Even if data like this was all false, it still wouldn’t matter. The reason is that even if you did try to stop contamination at the distribution level, it would still increase through processes like transportation or storage. Making all your efforts completely pointless because at the end of the day, post-treatment processes are the only ones that have a significant impact on the end result.

Imagine you lived in a country where if you didn’t have issues with water, your sister, brother or mother certainly would. In the developing world, it’s normal for half of the population to lack access to clean water. This is a fundamental breach of basic human rights.

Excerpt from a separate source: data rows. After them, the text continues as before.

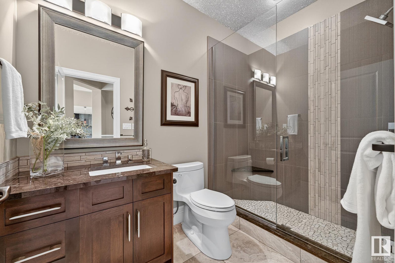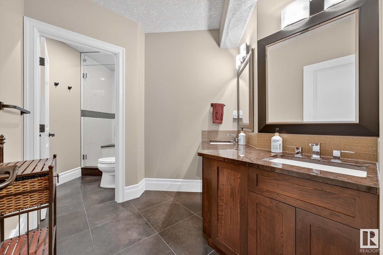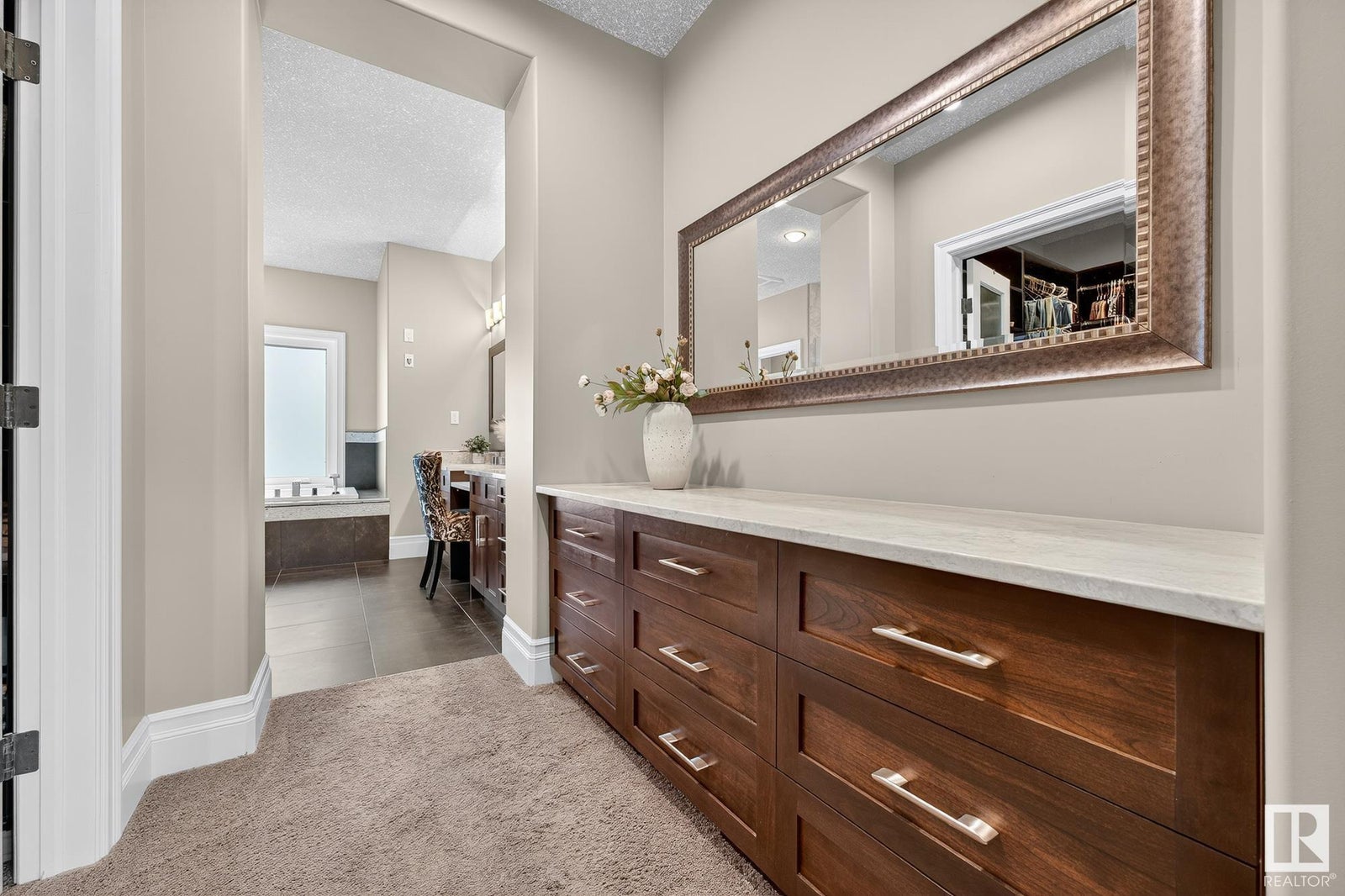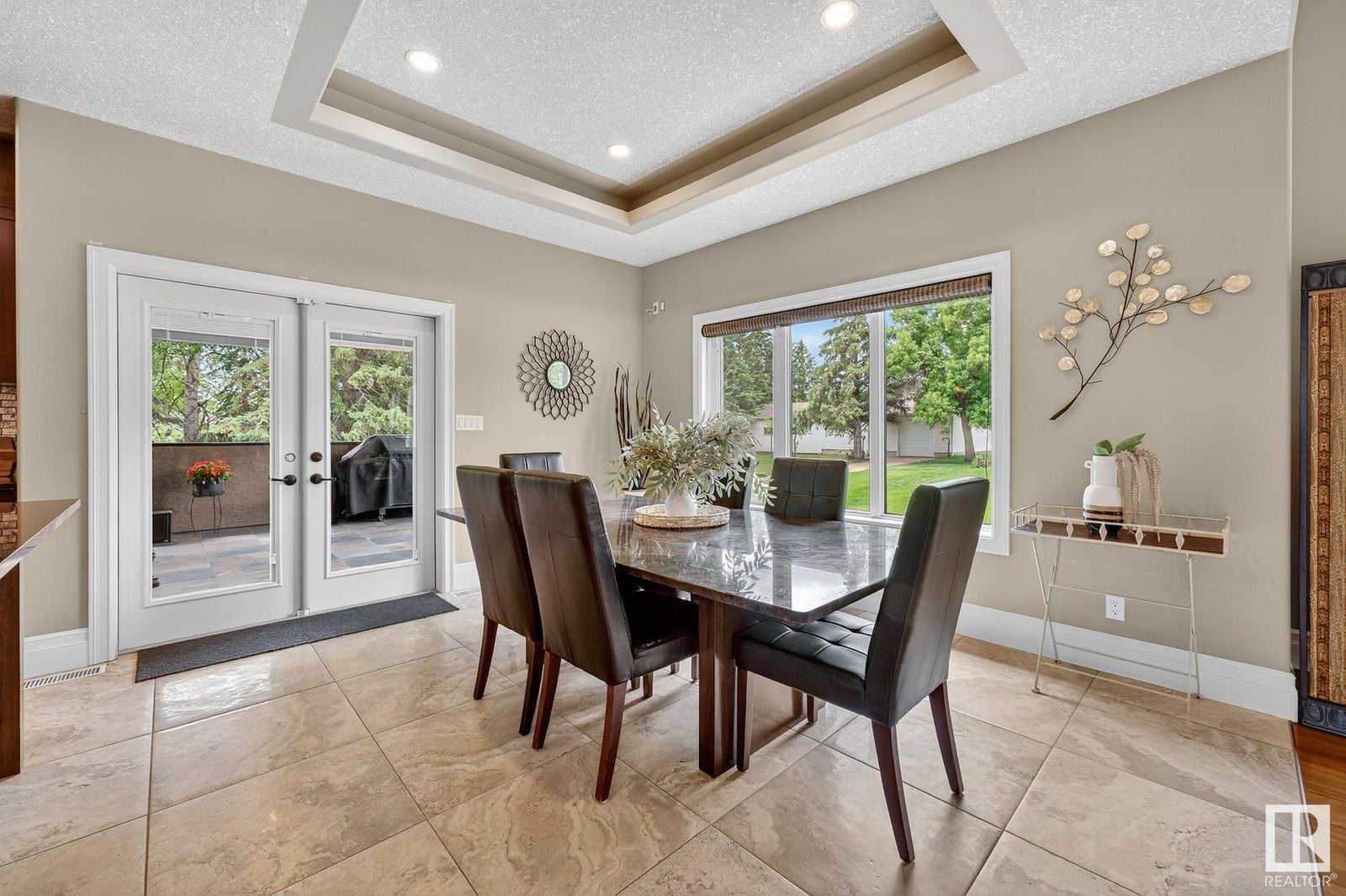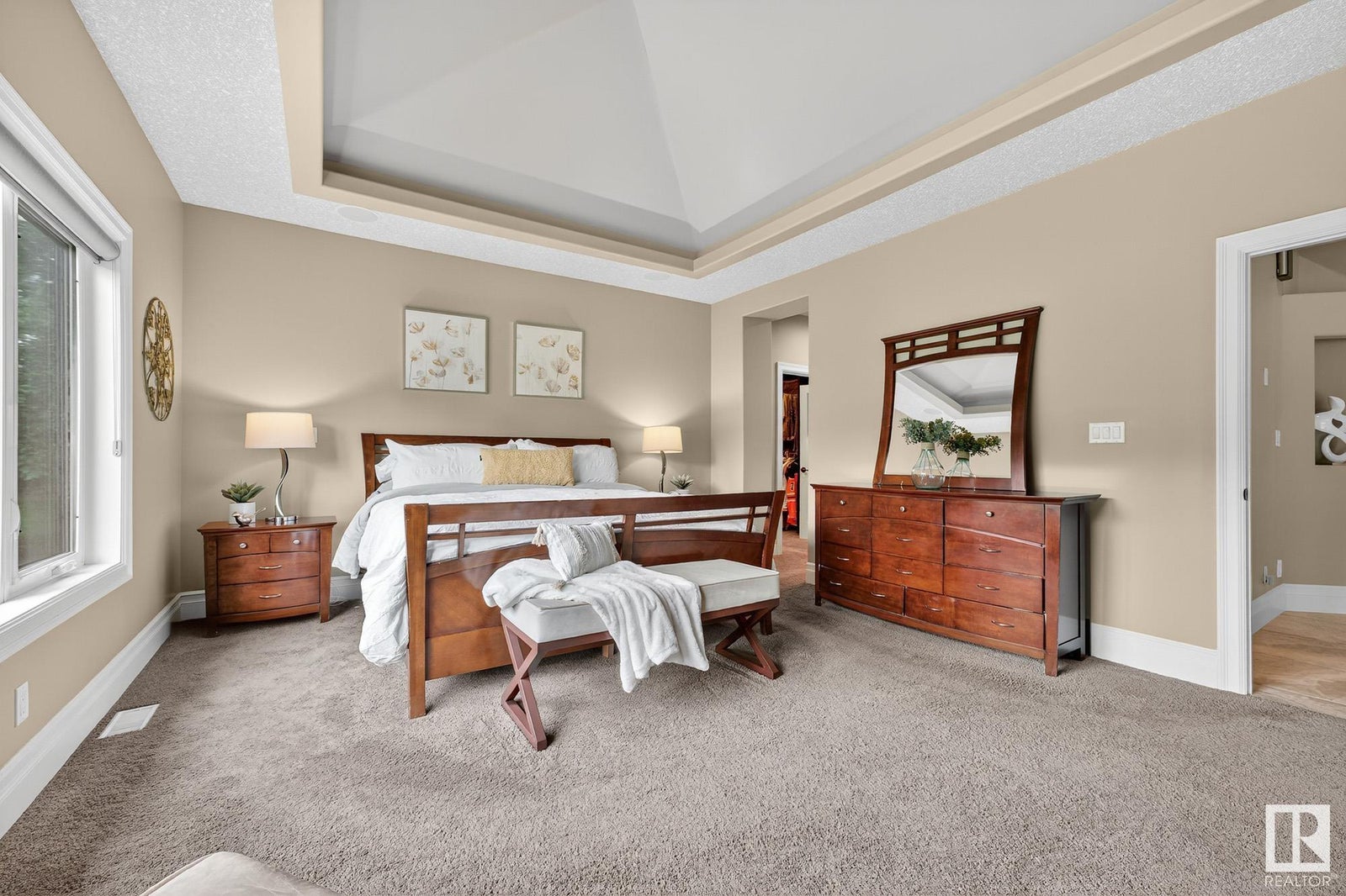Welcome to Namao Ridge! This custom-built bungalow, situated on 1.67 acres, offers upscale living with unparalleled privacy. A dramatic curved staircase set against a stone feature wall, tray ceilings, and wall-to-wall windows elevate the open-concept main level. Enjoy a chef-inspired kitchen with rich cabinetry, granite countertops, and premium appliances, open to the living and dining areas, featuring a striking stone fireplace. The main floor includes the spacious primary suite, a second bedroom, and a formal dining room with architectural detailing. Downstairs features 3 bedrooms, a full bath, a half bath, a home gym, and a spacious rec room with room for a pool table. The show-stopping bar includes custom cabinetry, tile backsplash, and seating. A dedicated theatre room above the 4-car garage is perfect for movie nights. The 1,824sqft heated shop is finished with power, making it ideal for trades, storage, or your dream workspace. A covered patio and mature trees round out this exceptional property.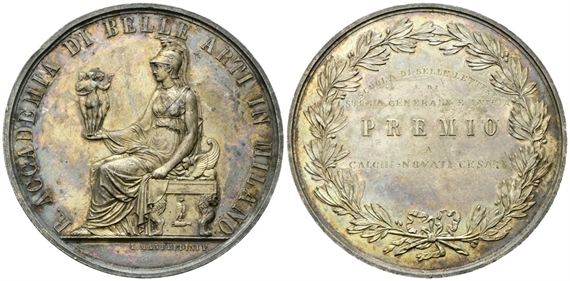 Dr. R ACCADEMIA DI BELLE ARTI IN MILANO. Minerva seduta tiene con la mano s. le tre grazie; sotto, L MANFREDINI. Rv. SCUOLA DI BELLE LETTERE / E DI / STORIA GENERALE E PATRIA / PREMIO / A / CALCHI NOVATI CESARI. Iscrizione parzialmente incisa disposta su sei righe tra due rami di alloro.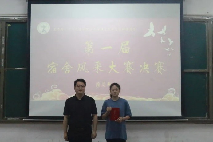 郑越老师为2#516宿舍、13#613宿舍颁发“一等奖”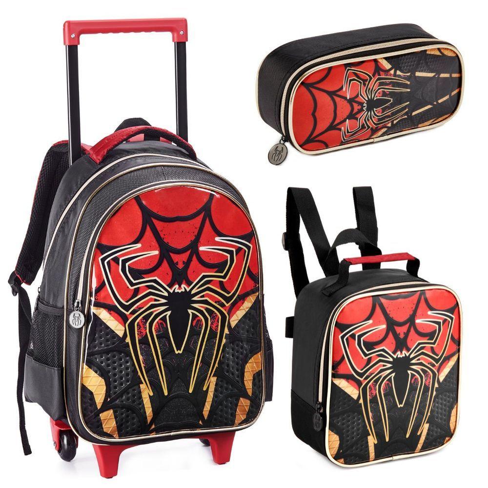 Kit Mochila Rodinhas Lancheira Estojo Duplo Homem Aranha Spider Dark Aranha Miles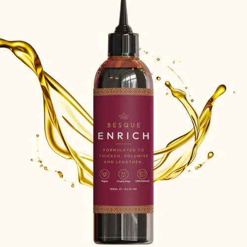 It’s officially the season of pomegranates, and this fruit is packed with benefits for hair growth. Pomegranate increases scalp blood flow and strengthens hair follicles by producing punicic acid. This fruit also has antioxidant properties. But we can’t just take a pomegranate and apply it directly to our hair for better growth. Here comes Besque Enrich Hair Growth Oil. This oil is made with pomegranate and black seed oil, which is best for supporting hair growth.

Most people think of our world 100 years into the future expecting some technological dystopia. A world full of AI, VR, IoT, all the buzzwords. But what should be advocated for is a world in which everyone has the most basic human rights on the planet. If we deserve sufficient access to safe drinking water, why shouldn’t they too?

TL;DR

• The water crisis is caused by 2 main root causes, access, and quality. Collectively these two root causes impact 62 million people in Ethiopia(~56% of the population).
• Regardless of the source water being clean or not, data shows that contamination accumulates. These types of variations of data, in general, don’t mean anything because the end results stay the same.
• Some people store their water and others don’t. However, those who store it have significant higher traces of contamination because storage containers are unsanitary and contamination accumlates over a long duration.
• Treatment of the water can significantly reduce contamination, but post-treatment contamination (done because of storage and consumption devices) recontaminates the water, leading to more people falling ill
• Existing methods work, but most aren’t used to solve storage and drinking vessel contamination. Depending on the method, they can be expensive, complicated, inefficient, circumstantial, or time-consuming. This is why people try to combine these solutions.